WHAT TO WORK ON
No line before the one holding "HUGO logo-detail belt" is to be copied; that line and all after it, through the end of the listing, are returned exactly, minus pictures.

MATERIAL SHOWN
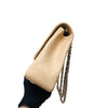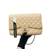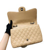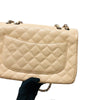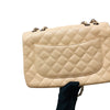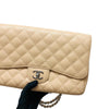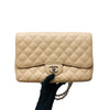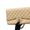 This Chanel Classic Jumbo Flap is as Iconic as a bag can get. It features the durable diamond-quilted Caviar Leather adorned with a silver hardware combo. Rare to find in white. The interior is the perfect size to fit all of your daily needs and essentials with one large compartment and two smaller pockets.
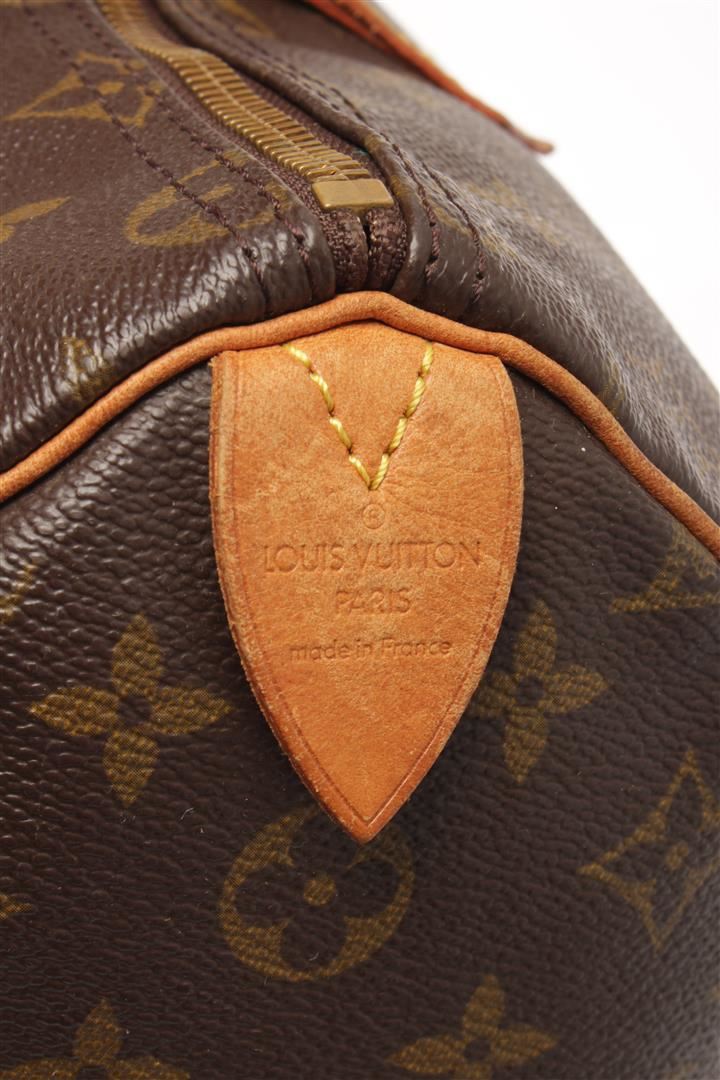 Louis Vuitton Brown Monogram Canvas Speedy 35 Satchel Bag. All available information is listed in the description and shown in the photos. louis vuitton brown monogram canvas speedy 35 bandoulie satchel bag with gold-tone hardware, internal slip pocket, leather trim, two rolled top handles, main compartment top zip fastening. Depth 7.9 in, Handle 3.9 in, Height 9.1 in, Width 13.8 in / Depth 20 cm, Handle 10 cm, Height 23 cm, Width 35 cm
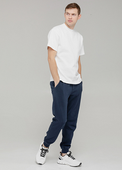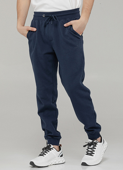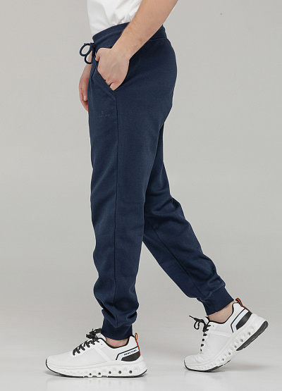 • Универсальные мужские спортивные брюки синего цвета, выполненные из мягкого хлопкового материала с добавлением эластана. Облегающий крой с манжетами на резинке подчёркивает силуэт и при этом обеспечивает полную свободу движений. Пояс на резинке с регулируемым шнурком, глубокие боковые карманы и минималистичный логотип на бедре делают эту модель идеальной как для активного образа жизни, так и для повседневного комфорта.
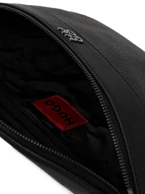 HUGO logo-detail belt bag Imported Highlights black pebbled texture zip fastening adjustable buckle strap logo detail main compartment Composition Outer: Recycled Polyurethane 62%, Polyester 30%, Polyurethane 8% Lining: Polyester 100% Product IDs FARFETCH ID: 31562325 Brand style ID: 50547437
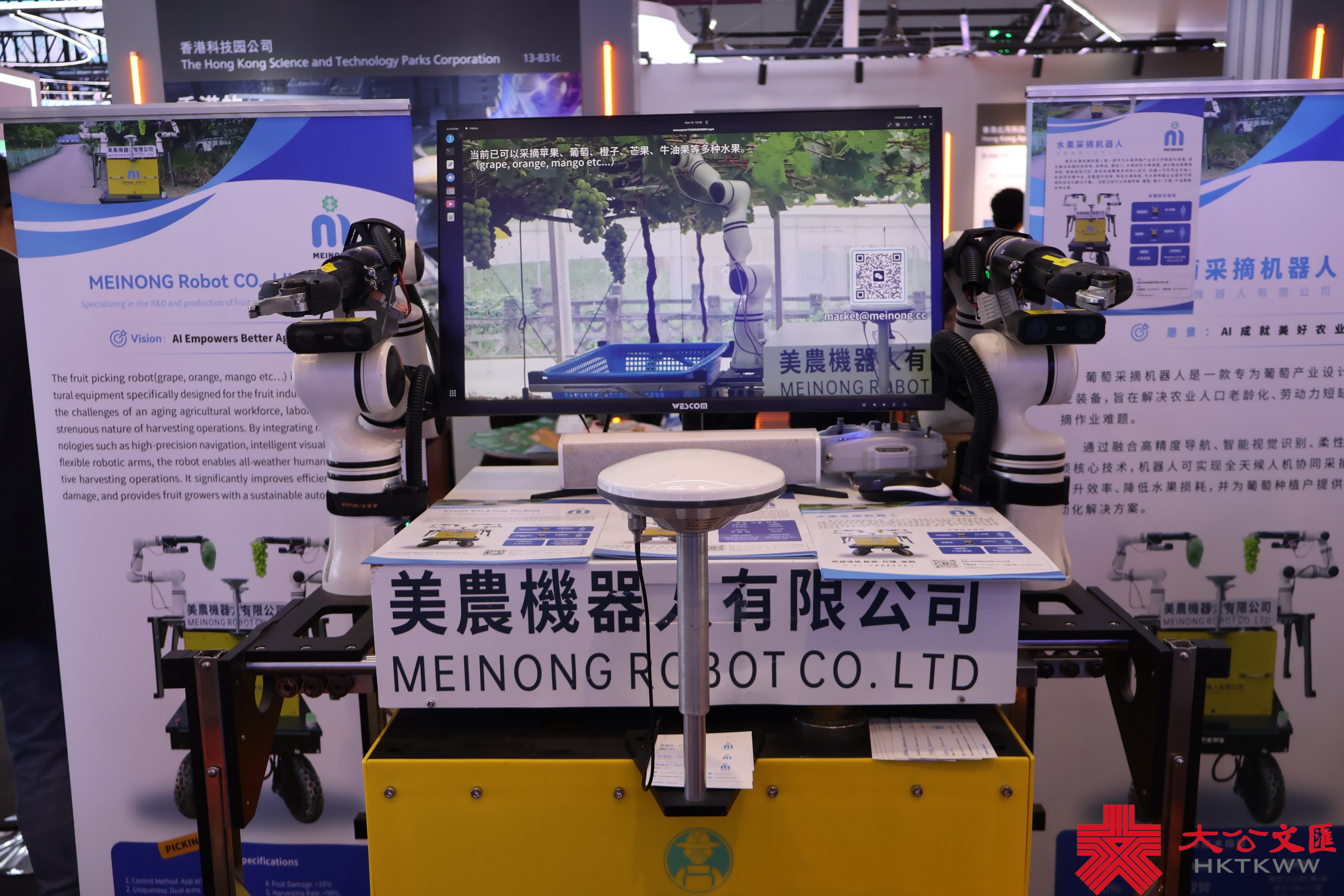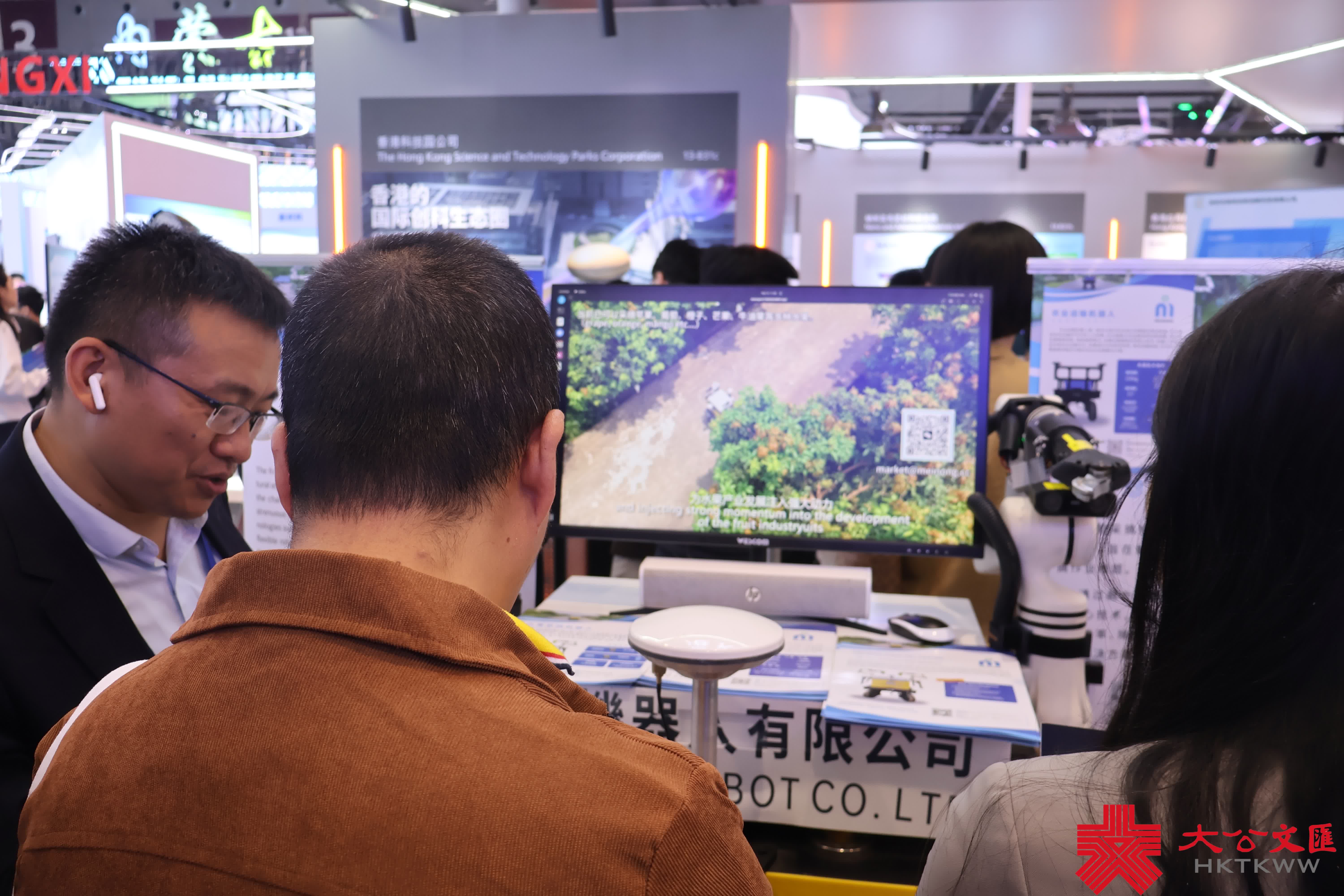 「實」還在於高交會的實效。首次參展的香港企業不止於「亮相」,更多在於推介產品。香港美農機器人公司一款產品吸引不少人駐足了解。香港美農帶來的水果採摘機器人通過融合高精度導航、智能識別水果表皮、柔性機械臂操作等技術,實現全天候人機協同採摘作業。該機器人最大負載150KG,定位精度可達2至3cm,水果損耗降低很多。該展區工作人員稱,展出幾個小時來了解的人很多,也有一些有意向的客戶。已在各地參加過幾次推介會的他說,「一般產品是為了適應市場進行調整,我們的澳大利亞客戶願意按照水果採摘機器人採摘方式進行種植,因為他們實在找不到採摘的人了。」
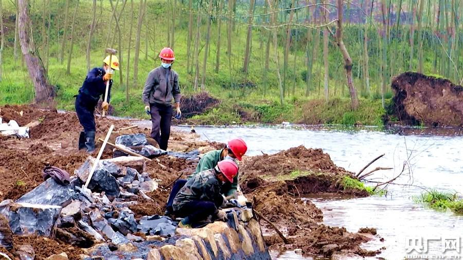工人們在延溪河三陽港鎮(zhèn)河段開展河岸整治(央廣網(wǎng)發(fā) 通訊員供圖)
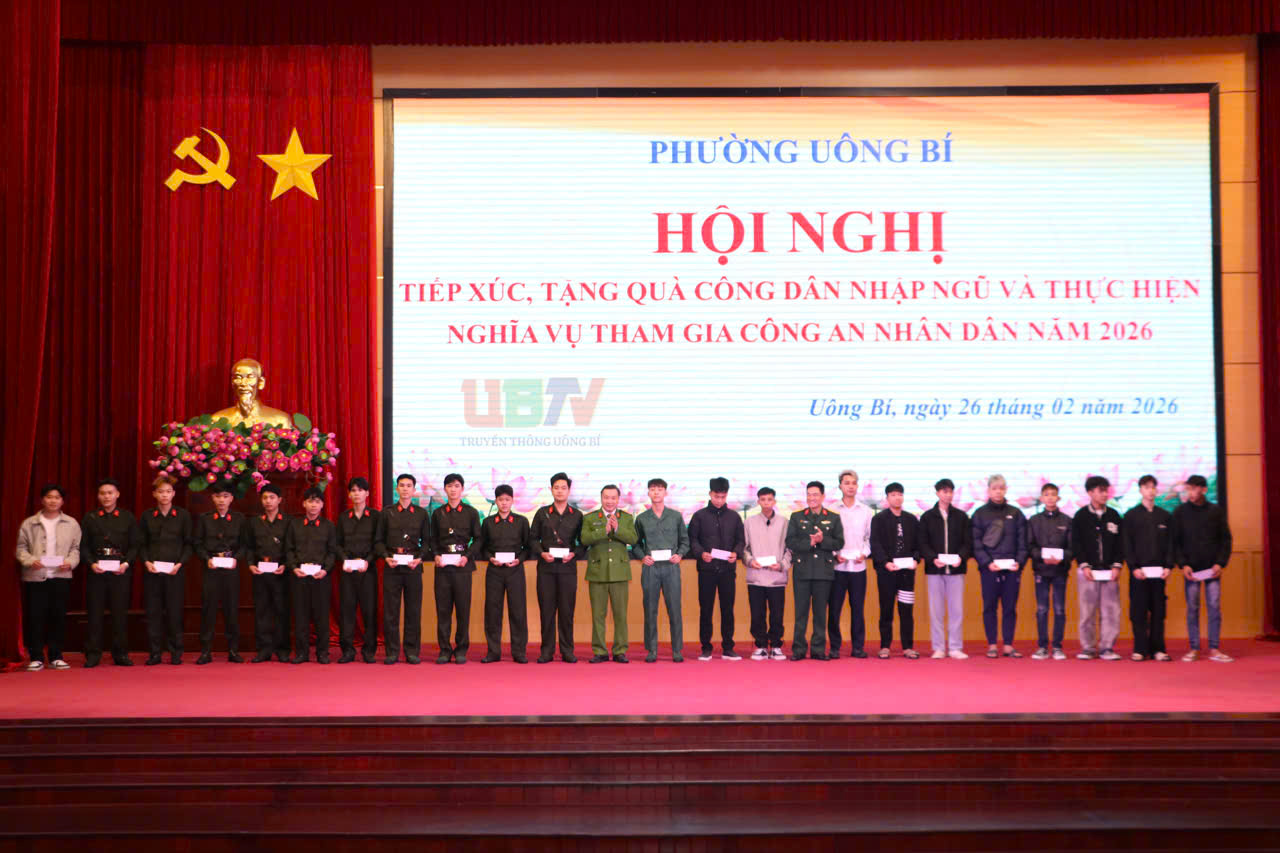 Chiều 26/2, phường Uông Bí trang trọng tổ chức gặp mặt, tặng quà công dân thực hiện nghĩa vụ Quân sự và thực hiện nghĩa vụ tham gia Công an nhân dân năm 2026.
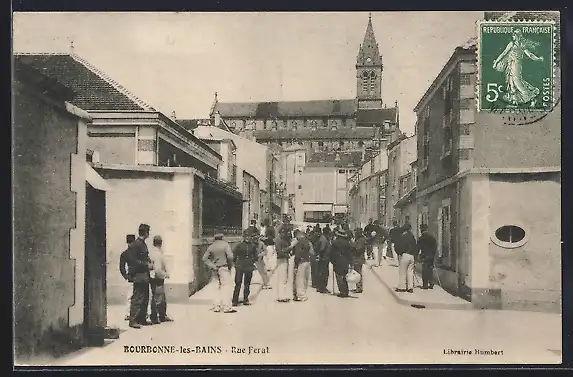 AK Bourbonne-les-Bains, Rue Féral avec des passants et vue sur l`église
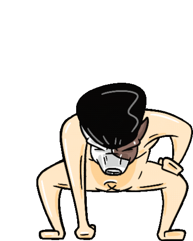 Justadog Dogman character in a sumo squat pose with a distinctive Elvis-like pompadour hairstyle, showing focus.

EXERCISE RESULT
 HUGO logo-detail belt bag Imported Highlights black pebbled texture zip fastening adjustable buckle strap logo detail main compartment Composition Outer: Recycled Polyurethane 62%, Polyester 30%, Polyurethane 8% Lining: Polyester 100% Product IDs FARFETCH ID: 31562325 Brand style ID: 50547437
 「實」還在於高交會的實效。首次參展的香港企業不止於「亮相」,更多在於推介產品。香港美農機器人公司一款產品吸引不少人駐足了解。香港美農帶來的水果採摘機器人通過融合高精度導航、智能識別水果表皮、柔性機械臂操作等技術,實現全天候人機協同採摘作業。該機器人最大負載150KG,定位精度可達2至3cm,水果損耗降低很多。該展區工作人員稱,展出幾個小時來了解的人很多,也有一些有意向的客戶。已在各地參加過幾次推介會的他說,「一般產品是為了適應市場進行調整,我們的澳大利亞客戶願意按照水果採摘機器人採摘方式進行種植,因為他們實在找不到採摘的人了。」
工人們在延溪河三陽港鎮(zhèn)河段開展河岸整治(央廣網(wǎng)發(fā) 通訊員供圖)
 Chiều 26/2, phường Uông Bí trang trọng tổ chức gặp mặt, tặng quà công dân thực hiện nghĩa vụ Quân sự và thực hiện nghĩa vụ tham gia Công an nhân dân năm 2026.
 AK Bourbonne-les-Bains, Rue Féral avec des passants et vue sur l`église
 Justadog Dogman character in a sumo squat pose with a distinctive Elvis-like pompadour hairstyle, showing focus.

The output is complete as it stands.